Но… теперь он был один среди безмолвной стихии.
Неарх проснулся рано утром с тревожным чувством и поспешил в дорогу. Он мчался до Вавилона без отдыха, меняя на станциях взмыленных лошадей. И только оказавшись перед домом, где его должна была ждать Иола, вспомнил о своей азиатской жене. Что он скажет Иоле? Может быть, вообще не стоит ни о чем говорить? Нет. Будет хуже, если Иола узнает от других. Он постарается ей все объяснить.
На пороге дома его встретила Таида. Лицо ее было печальным.
– Хайре, где Иола? – нетерпеливо спросил Неарх.
– Сначала пройдем в дом.
– Где Иола? Она осталась в Афинах?
Неарх пристально посмотрел на Таиду. Она молчала. Выражение ее глаз не на шутку встревожило Неарха.
Они прошли в комнату, удобно расположились в креслах друг против друга.

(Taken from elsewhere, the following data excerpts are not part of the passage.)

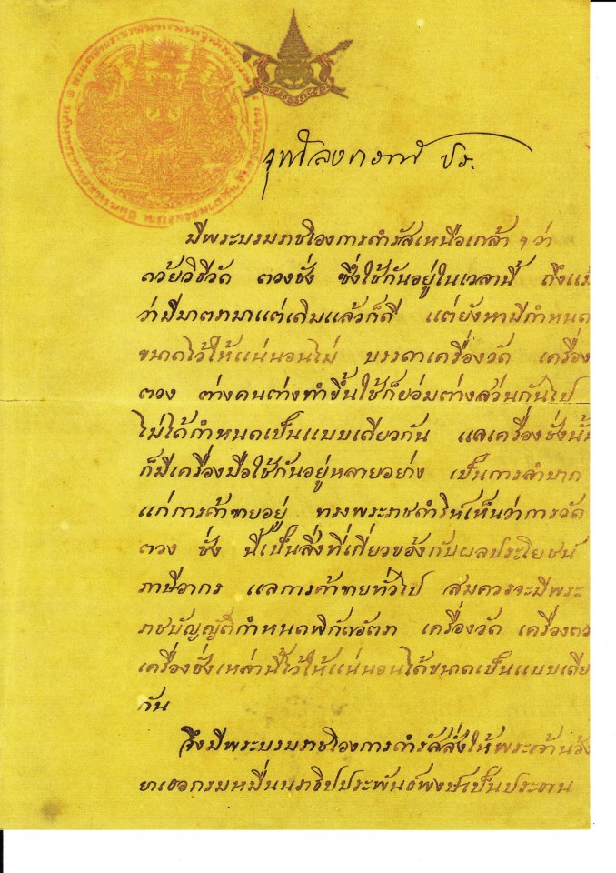 “พระบาทสมเด็จพระรามาธิบดีศรีสินทรมหาวชิราวุธ พระมงกุฎเกล้าเจ้าอยู่หัว ทรงพระราชดำริห์ว่า พระราชอาณาจักรสยามในเวลานี้ยังไม่มีวิธีชั่งตวงวัดเป็นสมานรูป ซึ่งกำหนดเป็นแบบมาตราและบัญญัติเป็นกฎหมาย สมควรจะมีวิธีเช่นที่กล่าวนี้ขึ้น
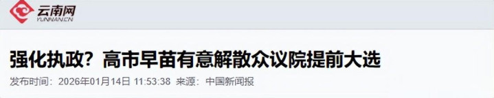 云南网——2026年1月14日——强化执政?高市早苗有意解散众议院提前大选
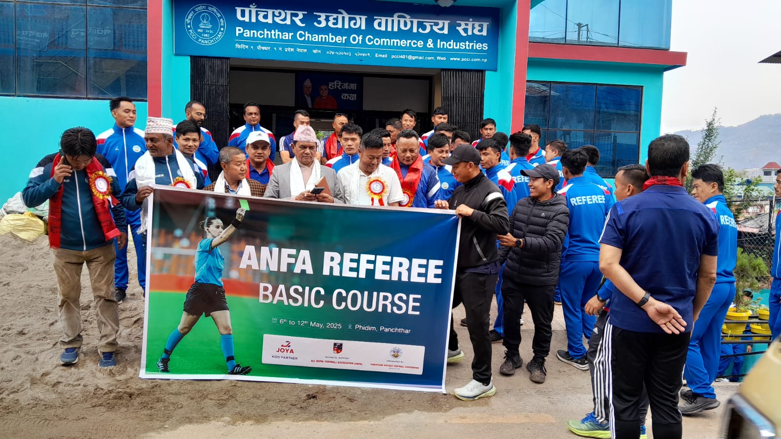 पाँचथर । ४३ जना फुटबल खेलाडीहरुलाई फुटबल रेफ्री तालिम फिदिममा सुरु भएको छ । अखिल नेपाल फुटकल संघ एन्फा पाँचथरको आयोजनामा पाँचथर, ताप्लेजुङ र तेह्रथुम जिल्लाका दुइ महिला सहित ४३ जना खेलाडी सहभागि भएका छन् । जिल्ला तथा स्थानीय तहहरुमा बर्षेनी धेरै संख्यामा फुटबल खेल संचालन हुदा फुटबल रेफ्री अभावमा कतिपय खेल संचालन गर्न सक्ने अवस्था नभएको भन्दै तालिम दिन थालिएको एन्फा पाँचथर अध्यक्ष गणेस राईले बताए ।
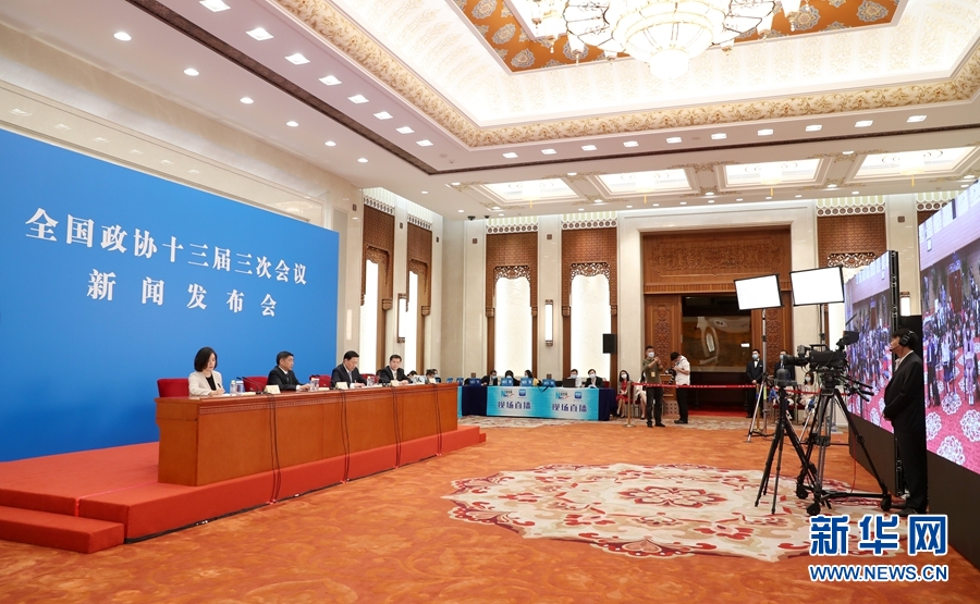 5月20日,全國(guó)政協(xié)十三屆三次會(huì)議新聞發(fā)布會(huì)在北京舉行,大會(huì)新聞發(fā)言人郭衛(wèi)民介紹本次大會(huì)有關(guān)情況并回答中外記者提問。圖為人民大會(huì)堂新聞發(fā)布廳現(xiàn)場(chǎng)。新華網(wǎng) 王翰林 攝
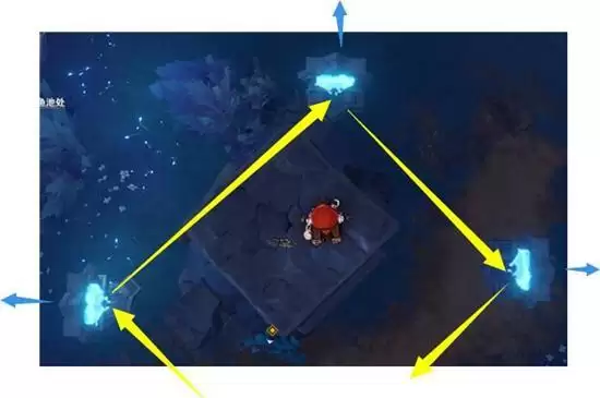 图中的蓝色箭头代表的是如果这里的镜子是水面镜,则光球到达此处并发生折射后的移动方向
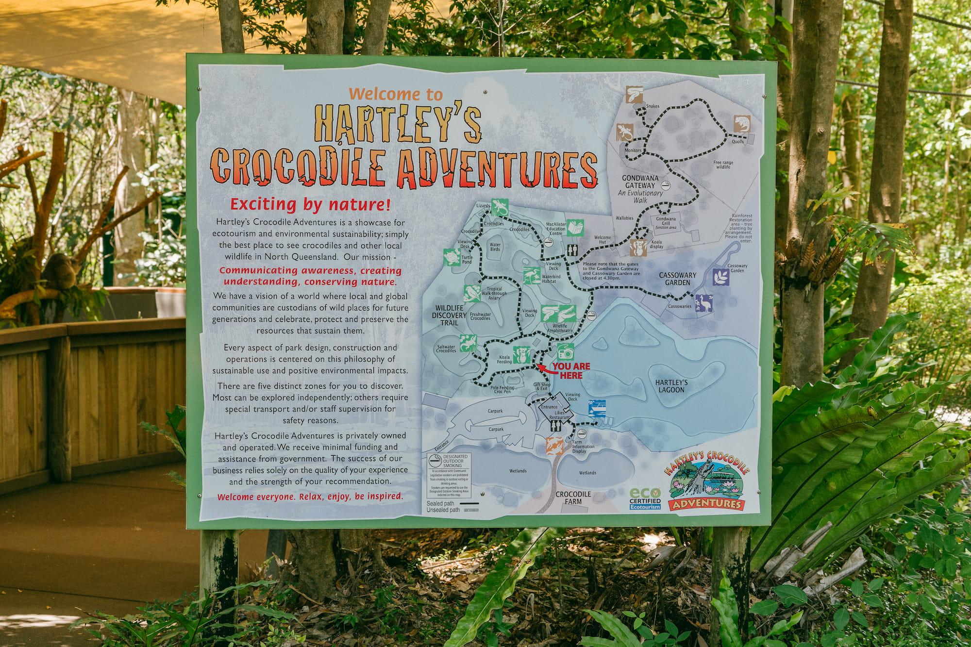 我媳妇选择住Palm Cove的原因就是这里离Hartley’s Crocodile Adventures比较近,有专门的大巴可以接送。接送大巴由本地公司叫Beaches Meet & Greet承办。接送包含动物园的票价,一家4口$183.5。
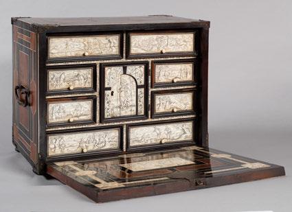 These captivating cabinets were an essential part of a nobleman’s Kunstkammer, a room containing furniture and objects showcasing the collector’s taste and education. Their function was to contain precious objects including coins, medals and private correspondence. They were architectural in form and symmetrical in design, typically with a central door surrounded by rows of drawers with engraved ivory panels. Made from exotic materials imported at considerable expense, they also reflected the wealth of the patron.1 Spain gained a monopoly on the trade in Indian ivory and
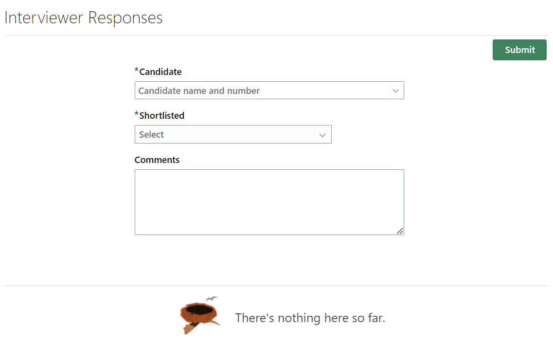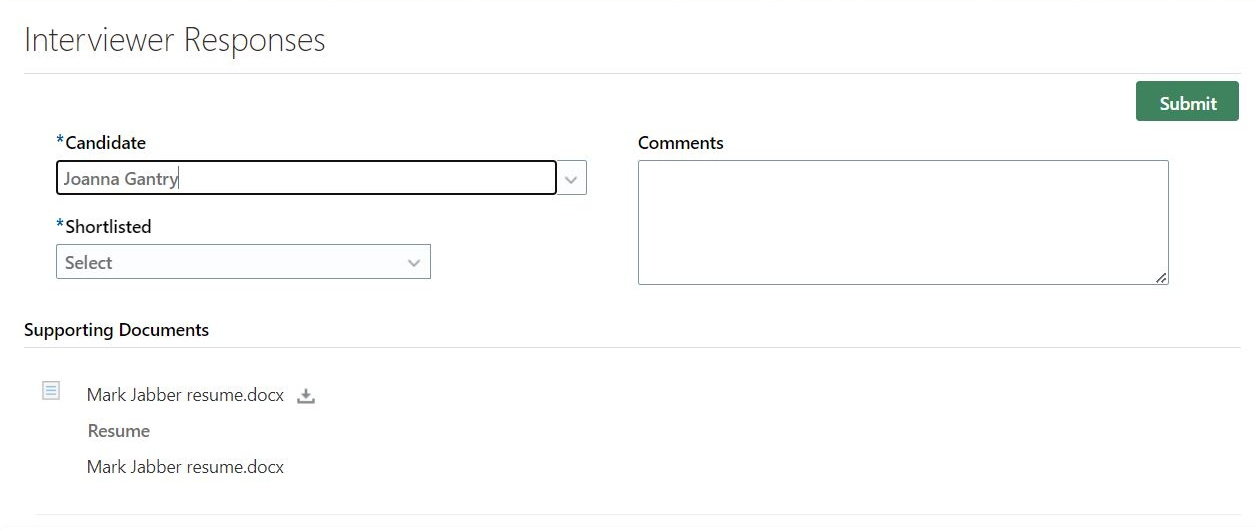 The interviewer speaks to the candidate, indicates on the form whether they are shortlisting the candidate, and optionally provides comments. Once the interviewer clicks Submit, the candidate's information moves to a new section called Submitted Responses, and the interviewer moves on to the next candidate. A candidate for whom a response has been submitted will automatically disappear from the candidate drop-down list so that no other interviewer can mistakenly select and enter feedback for the same candidate.
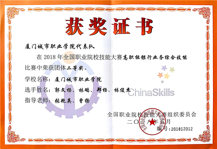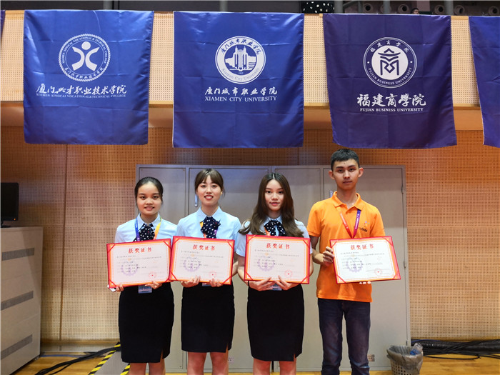 6月2日,2018年全国职业院校技能大赛高职组银行业务综合技能比赛在广州番禺职业技术学院举行。来自全国29个省、市、自治区的78支代表队,共312名选手参加比赛。大赛设银行从业知识、银行基本技能、银行业务能力及展示项目等四项内容。我校金融专业代表队的郭文杨、林鹂、郑杨、林俊杰四名同学在指导教师张艳英、曾扬的指导下,不畏强手,顽强拼搏,最终获得了团体二等奖。

Таида сидела, опустив глаза. Когда она подняла их, Неарху стало не по себе от ее взгляда, и он переспросил:
– Где Иола?
С трудом, очень тихо Таида ответила:
– Нет больше Иолы. Ее убили.
Отважный триерарх не сдерживался перед Таидой, слезы градом катились по его лицу.
– Неужели я потерял ее?!
Подробно рассказав Неарху все о гибели любимой подруги, Таида неожиданно выплеснула ему в лицо скопившуюся обиду:
– И ты… даже ты, Неарх, посмел жениться на азиатке?
Обхватив голову руками, Неарх молчал. После долгого молчания виновато спросил:
– Откуда ты узнала об этом?
– О свадьбах в Сузах в Вавилоне знает каждый. Многие отправились туда вместе со своими дочерьми.
Гнев душил Таиду:
– Вы, сильные и мужественные люди, играли предписанные вам роли, словно актеры на сцене театра.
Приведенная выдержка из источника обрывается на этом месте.